26.

786 73 10
                                        

Tiga hari.

Tiga hari sudah aku menjalani kehidupan bersama waktu sendiri ku. Mengerjakan pekerjaan rumah tanpa dibantu maupun diganggu Nathan, tertidur bersama guling dan bukan bersama Nathan, sarapan pagi dengan tenang bersama Vidia dan Monica tanpa tiba - tiba sosok pria keriting menginterupsi kami, memainkan ponselku yang sepi karena tak ada satupun yang mengirimiku pesan singkat maupun panggilan. Dan selama tiga hari pula aku menahan rindu karena Nathan tak muncul dihadapanku sama sekali dan ia bertingkah layaknya kami sudah benar - benar berakhir-Sengaja pergi saat aku keluar sekat, kembali ke kamar saat aku sudah masuk sekat, dan sengaja menghindar berpapasan denganku ketika kami tak sengaja keluar sekat dalam waktu yang bersamaan.

Apakah dia senang karena akhirnya aku meminta waktu sendiri dan akhirnya ia bisa bebas bermain dengan gadis manapun yang ia mau?

Apakah selama tiga hari ini dia tidur dengan pulas karena tak ada aku yang mengganggunya?

Apakah selama tiga hari ini dia senang karena tak usah repot membeli pulsa untuk berkirim pesan denganku?

Apakah selama tiga hari ini dia bahagia karena tak ada aku?

Pikiranku membuat aku menggelengkan kepalaku sendiri, berusaha menepis kemungkinan - kemungkinan tersebut.
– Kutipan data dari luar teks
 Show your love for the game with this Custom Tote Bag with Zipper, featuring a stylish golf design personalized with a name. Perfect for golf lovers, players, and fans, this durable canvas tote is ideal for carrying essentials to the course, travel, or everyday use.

Aku meminta waktu sendiriku untuk menjernihkan pikiranku, namun mengapa pikiranku semakin tak karuan ketika Nathan tidak berada di sisiku? Oh God.
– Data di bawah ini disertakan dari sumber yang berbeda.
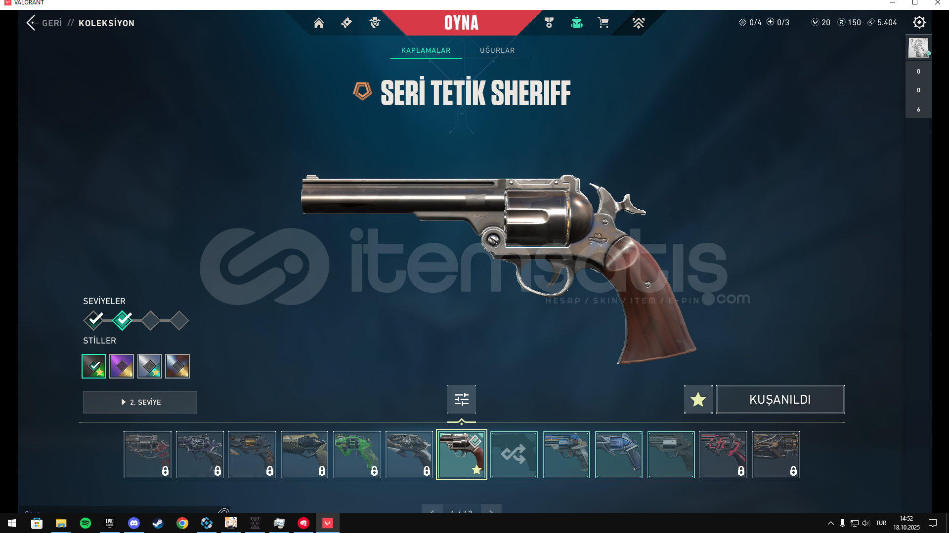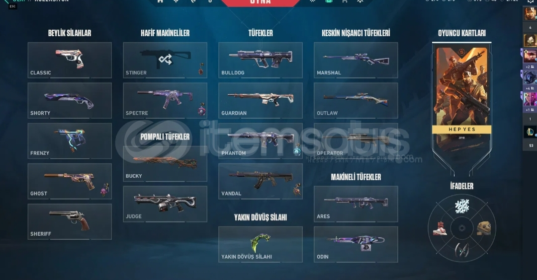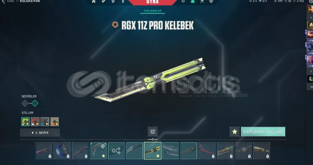 Hesap içindekiler -vct karambit -rgx kelebek -ışık muhafızı vandal -kaos vandal -seri tetik sheriff -gaia bucky -2 adet tamamlanmış battle pass2 battle pass olmak üzere toplam 4 bıçak mevcuttur

Mengingat hari ini hari libur, akhirnya aku pun berniat untuk keluar sejenak dan mencari hiburan karena aku menyadari jika aku terus berada disini hanya stress yang aku dapat karena tak henti memikirkan Nathan. Aku berencana bahwa setelah aku mandi dan mengenakan pakaian berwarna cerah, aku bisa berjalan - jalan ke perpustakaan kota untuk meminjam beberapa novel yang sangat ingin kubaca namun harganya tak sesuai dengan dompetku, dan hari ini akan berakhir bahagia.

Semoga saja.

Namun sepertinya dewi fortuna sedang tak ingin mendengarkanku karena saat aku selesai mandi dan hanya mengenakan handuk merah untuk menutupi tubuhku, ada seorang Anthony Nathan sedang tertidur di kasur sekatku yang sempit, memeluk guling kesayanganku dengan erat, dan bergumam tidak jelas.

Aku tak tau harus senang karena akhirnya Nathan datang atau marah karena ia datang seperti kami sedang baik - baik saja dan dengan keadaan aku hanya memakai handuk di hadapannya sekarang.
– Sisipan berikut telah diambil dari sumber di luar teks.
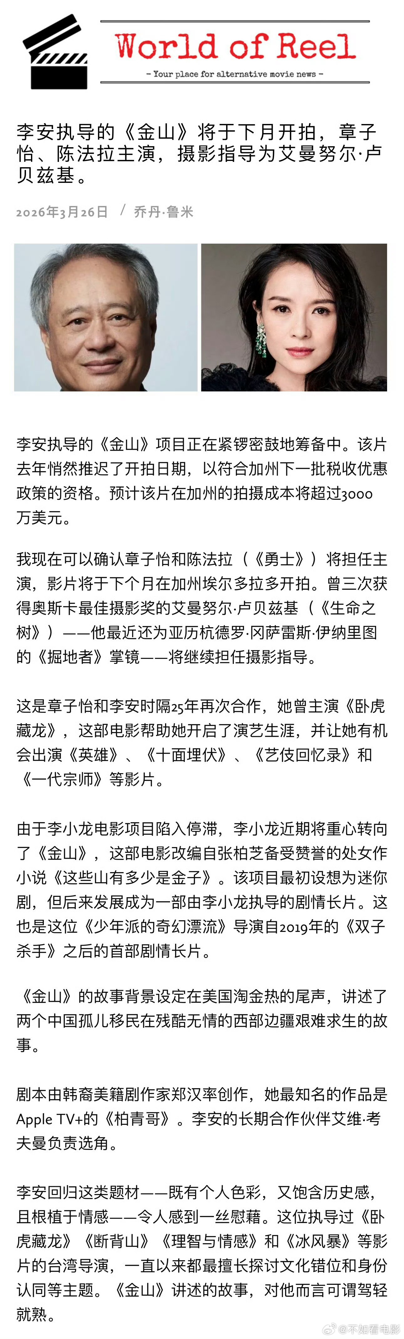 李安新片下个月开机章子怡李安再合作 李安导演新作《金山》将于2026年4月在美国加州开机,这是他与章子怡继《卧虎藏龙》后时隔25年的再度合作。电影改编自华裔作家张辰极小说首作《金山的成色》,外媒《World of Reel》独家披露章子怡将担任主角,陈法拉共同主演,她近年凭《尚气与十环传奇》《哥斯拉大战金刚2:帝国崛起》在好莱坞持续发力。凭借《鸟人》《荒野猎人》《地心引力》连夺三届奥斯卡的摄影师艾曼努尔·卢贝兹基将担任摄影指导,《弹子球游戏》编剧郑韩帅担任编剧。本片预算超3000万美元,故事设定于美国“淘金热”末期,聚焦两名华人移民孤儿的漂泊与闯荡。

Karena bingung akan berbuat apa, akhirnya aku pun perlahan berjalan mendekatinya-sembari memegang erat simpul handukku agar tak terlepas, dan seketika aroma alkohol menyeruak ke dalam indera penciumanku-menandakan bahwa lelaki di hadapanku ini mabuk.

Wow Nathan, kau meninggalkan rasa frustasi kepadaku selama tiga hari, kau malah dengan tenang berbaring di sekatku dengan keadaan mabuk. Wow, kau memang bedebah.

Ingin sekali aku mengucapkan kalimat itu di hadapan Nathan sekarang, namun aku sadar bahwa jika aku mengatakannya aku sangat terlihat bodoh karena Nathan sedang tertidur dan jikalau Nathan mendengar pun, kata - kata itu malah membuatku terlihat sangat merindukannya padahal aku satu - satunya yang meminta waktu sendiri kami.

"Abiana?"

"Kau mau gula - gula?"

"Abiana, biarkanlah aku memotretmu"

"Oh, sayang"

"Aku ingin menciummu"

"Abiana, pipimu semakin besar. Kau semakin menggemaskan"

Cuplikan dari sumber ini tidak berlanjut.